## REQUIRED WORK
Exclude every picture. Output verbatim the lines from the one containing "Sie befinden sich" to the end of the data.

## EXERCISE DATA

* * * * * * * * *

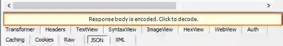 点击这个json包,在fidder右侧,点击解码,我们将视频包的json解码
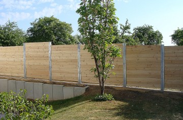 Sie befinden sich hier: Home » Bildergalerie » Bautechnik » Zäune, Sichtschutz und Einfriedung » Sichtschutzzaun aus verzinkten Stahlträgern und Holzbohlen
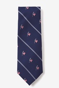 This fine men's necktie features a patriotic pattern of red, white and blue American Flags separated by two fine stripes on a navy blue background. Woven, this soft microfiber necktie will make an excellent addition to any wardrobe. Wear this stunning necktie as a statement of pride for the American country!
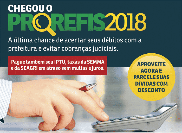 Mesmo procedimento está aberto aos contribuintes do IPTU que não quitaram dívidas de anos anteriores, cujo débito foi anexado em página amarela ao carnê do IPTU/2018, com vencimento em 30 de agosto. Tem até 14 de setembro, para emissão de um novo DAM – Documento de Arrecadação Municipal – com vencimento em 28 de setembro/2018 e ainda a possibilidade de parcelamento, seguindo o que estabelece a Lei do Prorefis.

* * * * * * * * *

## RESPONSE TO THIS EXERCISE
 Sie befinden sich hier: Home » Bildergalerie » Bautechnik » Zäune, Sichtschutz und Einfriedung » Sichtschutzzaun aus verzinkten Stahlträgern und Holzbohlen
 This fine men's necktie features a patriotic pattern of red, white and blue American Flags separated by two fine stripes on a navy blue background. Woven, this soft microfiber necktie will make an excellent addition to any wardrobe. Wear this stunning necktie as a statement of pride for the American country!
 Mesmo procedimento está aberto aos contribuintes do IPTU que não quitaram dívidas de anos anteriores, cujo débito foi anexado em página amarela ao carnê do IPTU/2018, com vencimento em 30 de agosto. Tem até 14 de setembro, para emissão de um novo DAM – Documento de Arrecadação Municipal – com vencimento em 28 de setembro/2018 e ainda a possibilidade de parcelamento, seguindo o que estabelece a Lei do Prorefis.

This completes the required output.